Work instruction:
After locating the line that holds "CHILE - Heute |", repeat it and each following line exactly until the material ends, skipping pictures.

Exercise data:

============

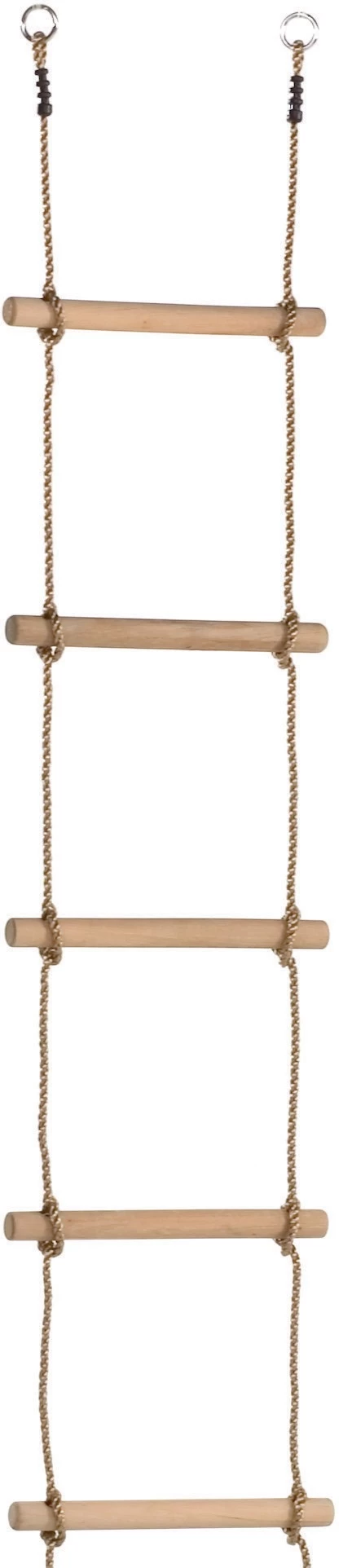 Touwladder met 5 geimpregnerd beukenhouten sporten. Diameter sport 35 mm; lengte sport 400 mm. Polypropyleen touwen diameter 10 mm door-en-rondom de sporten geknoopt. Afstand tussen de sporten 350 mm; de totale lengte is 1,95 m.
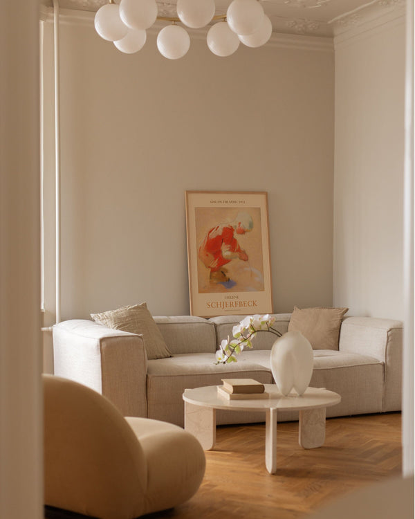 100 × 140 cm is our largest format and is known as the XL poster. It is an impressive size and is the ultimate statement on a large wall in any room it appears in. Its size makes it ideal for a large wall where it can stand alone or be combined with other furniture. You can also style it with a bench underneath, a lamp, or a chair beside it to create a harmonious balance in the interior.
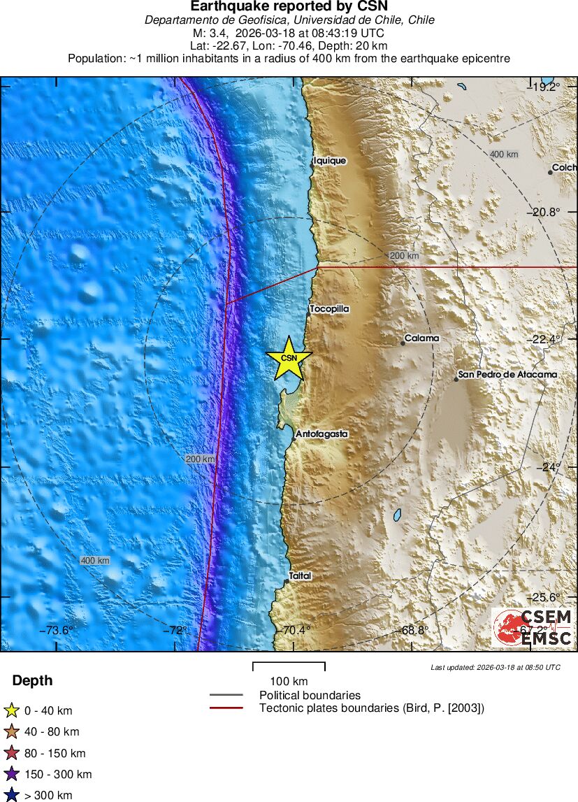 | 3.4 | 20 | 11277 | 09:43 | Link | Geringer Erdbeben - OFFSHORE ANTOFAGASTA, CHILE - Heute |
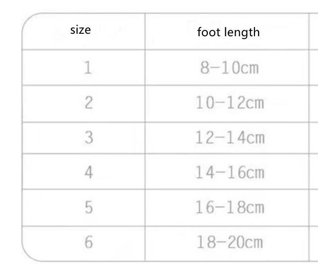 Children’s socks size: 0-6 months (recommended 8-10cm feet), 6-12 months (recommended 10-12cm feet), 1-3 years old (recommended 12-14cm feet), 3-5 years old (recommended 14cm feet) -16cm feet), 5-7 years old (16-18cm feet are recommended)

============

Answer:
 | 3.4 | 20 | 11277 | 09:43 | Link | Geringer Erdbeben - OFFSHORE ANTOFAGASTA, CHILE - Heute |
 Children’s socks size: 0-6 months (recommended 8-10cm feet), 6-12 months (recommended 10-12cm feet), 1-3 years old (recommended 12-14cm feet), 3-5 years old (recommended 14cm feet) -16cm feet), 5-7 years old (16-18cm feet are recommended)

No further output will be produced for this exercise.